Un Pubblico di Protagonisti
Alla prima del docufilm di Ron Howard: i protagonisti sono quelli in platea e non sul maxi-schermo…
Lo scorso luglio, in un cinema di Londra, un certo numero di persone comuni sono state invitate (apparentemente senza motivo) alla prima del nuovo film di Ron Howard “Thirteen lives” (13 vite). Il docufilm racconta il fatto realmente accaduto nel giugno 2018 in Thailandia, quando appunto 13 persone rimasero intrappolate in una grotta e vennero salvate dopo grandi difficoltà da un gruppo di sommozzatori arrivati da tutto il mondo. Fin qui niente di nuovo. Ma nel video messaggio apparso sul grande schermo del cinema di Londra, il regista Ron Howard chiama per nome, uno per uno, tutti coloro che all’epoca postarono sui social messaggi di incoraggiamento e di speranza: le stesse persone sedute in platea, invitate espressamente per essere presenti alla prima, e che il regista ha definito “my dream audience” (il pubblico dei mei sogni). Così, soccorritori e semplici utenti dei social che in quel momento tragico condivisero le stesse speranze, si sono incontrate realmente in un evento davvero speciale. Le reazioni di questo pubblico davvero particolare e le loro interviste sono toccanti.
Ora, i maliziosi penseranno che lo staff di Ron Howard abbia avuto una idea di marketing un po’ audace, e forse abbia strumentalizzato i sentimenti sinceri degli utenti dei social, solo per promuovere il film (prodotto da Metro-Goldwyn-Mayer e distribuito da Amazon prime).
Cosa è accaduto di fatto? Che (forse per la prima volta) in quel cinema di Londra, i protagonisti erano quelli seduti in platea e non quelli sullo schermo (attori che comunque hanno riprodotto con la loro finzione un fatto vero).

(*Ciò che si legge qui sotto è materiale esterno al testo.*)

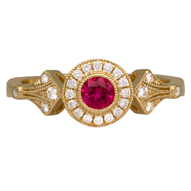 New 14k yellow gold halo ring centered with a 0.30 carat round brilliant ruby surrounded by 0.18 carats of round brilliant diamonds.
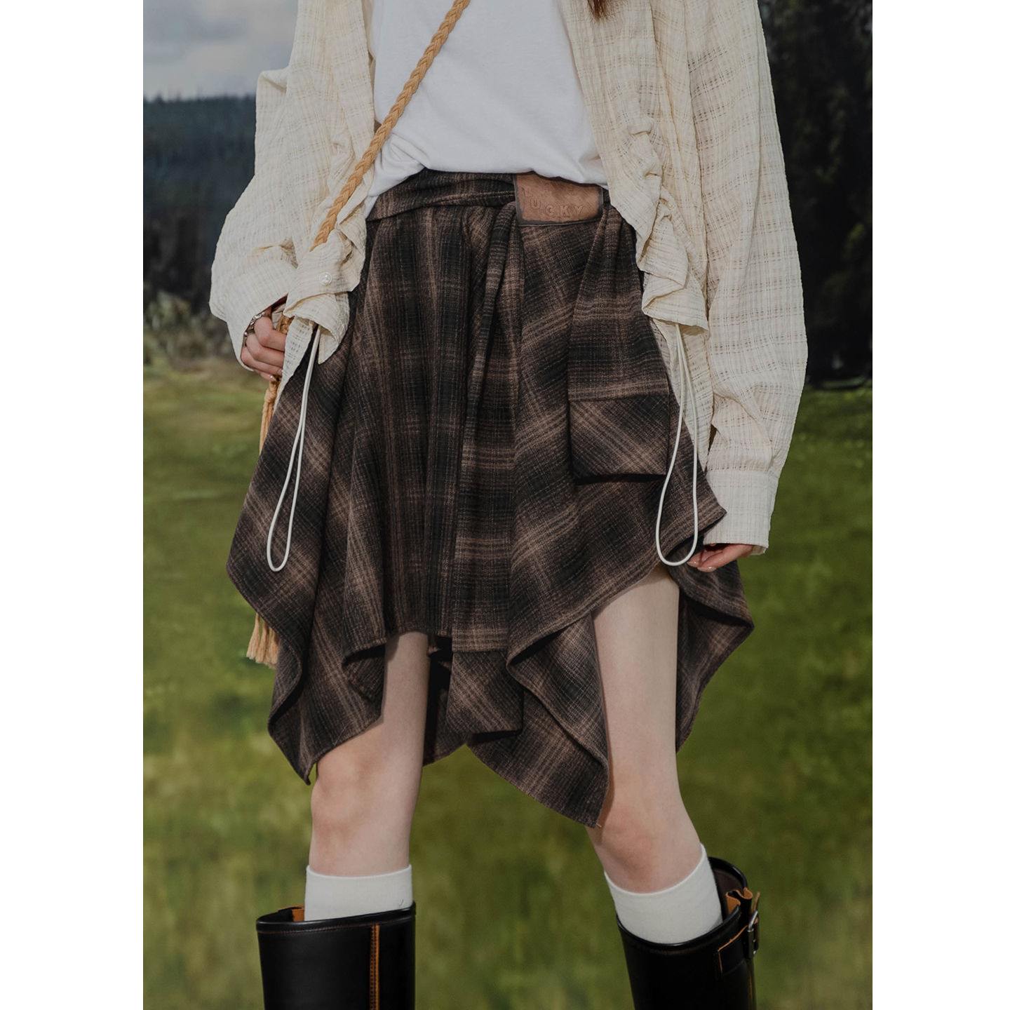 设计感不规则格子毛呢半身裙小众绑带防光内衬做旧百搭街头A字裙

Siamo tutti abituati a storie “ispirate a fatti veri”, e forse questo è davvero uno dei più grandi meriti del cinema, ovvero di far conoscere realtà che altrimenti resterebbero anonime. Ma ultimamente accadono cose anche più interessanti. Partendo da “LION” il film che documenta il fenomeno dei bambini che si smarriscono in India (ogni anno si perdono 80.000 bambini) e che grazie ad una “call to action” alla fine del film, ha raccolto donazioni considerevoli da tutto il mondo per supportare le associazioni che cercano di aiutare questi bambini, per arrivare a Clint Eastwood, che ripropone la storia di un gruppo di ragazzi che sventano il dirottamento di un treno, utilizzando invece di attori gli stessi reali protagonisti del fatto di cronaca del 2015 (“Ore 15:17 attacco al treno“).
Al di là degli aspetti nobilissimi delle raccolte fondi, quello su cui qui ci preme riflettere è l’aspetto puramente comunicativo.
Il cinema pare tornare alle origini (e che origini!), se pensiamo che nell’antica Grecia, il teatro classico era uno dei principali strumenti di democrazia, luogo di incontro in cui ci si poteva confrontare su temi sociali. Se la funzione sociale del teatro e del cinema negli ultimi decenni sembrava in declino, forse oggi questi esperimenti ci testimoniano una contro-tendenza interessante (cui, nuovamente, si deve dire, i social network hanno, consapevolmente o meno, contribuito). Ma – e in questo l’operazione di Ron Howard è da manuale – l’altro aspetto che queste narrazioni sembrano voler superare, è la distanza tra il “divo” e la persona comune, tra l’attore strapagato di Hollywood e il cittadino che vive nel quotidiano. Perché? Che il culto delle “celebrità” sia forse in declino? O più probabilmente, che il fenomeno dei social, con la loro rete di relazioni non-verticistica, stia lentamente influenzando anche altri settori della nostra vita?
Uno dei principi base di ogni forma di comunicazione è che prima viene deciso il contenuto del messaggio e dopo viene scelto lo strumento più adatto per veicolare quel messaggio. Ma nel mondo dell’arte, lo sappiamo, a volte accade il contrario: allora può anche essere lo strumento che influenza il contenuto. Certe possibilità tecniche un tempo impensabili, hanno fatto sì che cambiasse lo stesso modo di narrare o di rappresentare.
Ron Howard sicuramente ha saputo cogliere questo “segno dei tempi” regalando a tutti una sana emozione come non se ne vedeva da anni. Un vero “effetto speciale”, stavolta non creato negli studi di post-produzione video, ma direttamente in sala di proiezione.